→ **INPUT RECORDS**:
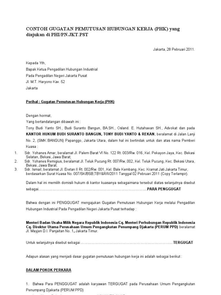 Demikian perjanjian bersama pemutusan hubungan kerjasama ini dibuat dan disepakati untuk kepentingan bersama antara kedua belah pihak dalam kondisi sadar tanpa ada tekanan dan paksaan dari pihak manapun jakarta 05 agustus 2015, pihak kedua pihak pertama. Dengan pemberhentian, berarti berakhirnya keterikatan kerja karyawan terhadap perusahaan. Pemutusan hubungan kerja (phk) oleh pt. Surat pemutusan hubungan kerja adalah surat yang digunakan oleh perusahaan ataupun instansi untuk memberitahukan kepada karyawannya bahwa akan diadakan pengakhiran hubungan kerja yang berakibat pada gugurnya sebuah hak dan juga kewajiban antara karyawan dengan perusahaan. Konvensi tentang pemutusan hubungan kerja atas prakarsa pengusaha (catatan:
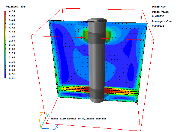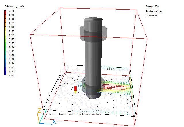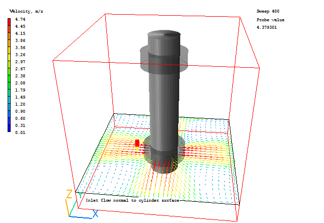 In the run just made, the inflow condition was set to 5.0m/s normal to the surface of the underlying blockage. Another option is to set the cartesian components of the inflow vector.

---

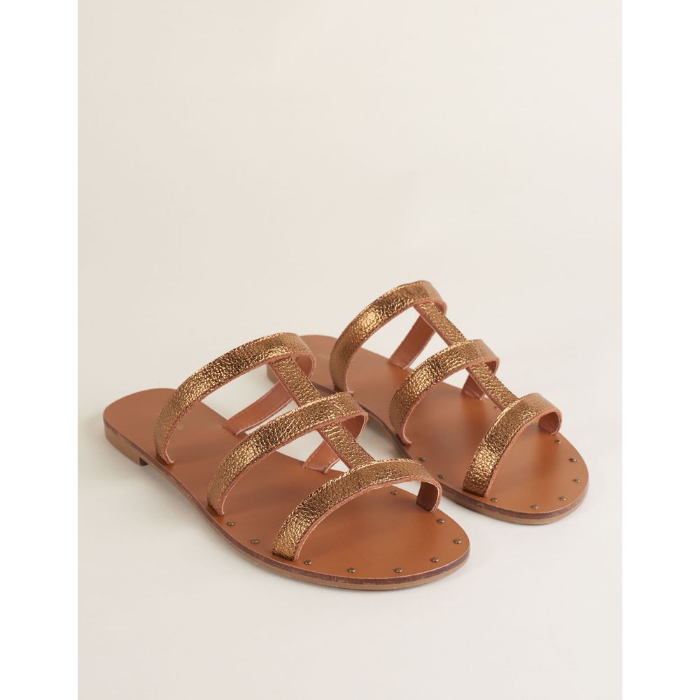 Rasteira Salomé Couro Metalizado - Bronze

→ **YOUR GOAL**:
Above are the records; copy exactly the lines from the one with "Demikian perjanjian bersama" through the one with "In the run just", including both, and nothing more. Leave out pictures.

→ **RESPONSE**:
 Demikian perjanjian bersama pemutusan hubungan kerjasama ini dibuat dan disepakati untuk kepentingan bersama antara kedua belah pihak dalam kondisi sadar tanpa ada tekanan dan paksaan dari pihak manapun jakarta 05 agustus 2015, pihak kedua pihak pertama. Dengan pemberhentian, berarti berakhirnya keterikatan kerja karyawan terhadap perusahaan. Pemutusan hubungan kerja (phk) oleh pt. Surat pemutusan hubungan kerja adalah surat yang digunakan oleh perusahaan ataupun instansi untuk memberitahukan kepada karyawannya bahwa akan diadakan pengakhiran hubungan kerja yang berakibat pada gugurnya sebuah hak dan juga kewajiban antara karyawan dengan perusahaan. Konvensi tentang pemutusan hubungan kerja atas prakarsa pengusaha (catatan:
 In the run just made, the inflow condition was set to 5.0m/s normal to the surface of the underlying blockage. Another option is to set the cartesian components of the inflow vector.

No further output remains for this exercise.